Pickles, who is talking on the phone, leaps in the air, his hand waves as though carrying a hot coal. He stumbles backwards, dropping the phone, and as Maarten strolls towards the desk, Pickles bends quickly, scrabbling on the floor.
‘Tim? Tim? Are you there? Is it the police again? We won’t say anything…’ A voice, a young female voice, rings out loudly. Speakerphone has been inadvertently activated.
Pickles’ face is beet-red. Flaming skin touches the edges of his hair, and Maarten can see a vein pulsing in his neck. Caught in the headlights, lit by fear, Maarten watches the face colour by numbers. He had expected Pickles to get straight on the phone; his itchy fingers had been twitching during their interview only minutes ago.

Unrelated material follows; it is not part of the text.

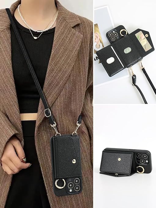 Google Pixel 10 ケース 手帳型 ピクセル10 Pro ケース 手帳型 グーグルピクセル10 財布型 ショルダー 背面カード収納 化粧鏡 スマホケース Googleピクセル10 ピクセル10携帯カバー GooglePixel10ケース スタンド機能 ストラップ 肩掛け 鏡付き - ブラック a

‘Do you need to get that?’ Maarten asks.
Standing, phone in hand now, Pickles shakes his head.
‘Ah, here it is.’ Maarten bends to pick up the car key, lying on the desk that sits between him and the teacher.
Pickles twitches.
‘Who was on the phone, sir?’
‘What?’
‘The phone, who were you speaking to?’
‘I don’t have to tell you that. I’ve told you… I’m not bloody talking any more.’
‘You don’t. You’re right. But I can request your phone records. This is a murder case. It might be simpler for you to just tell me now. I’d be interested to know how many pupils’ numbers you do have on your phone. And how frequently you contact them.’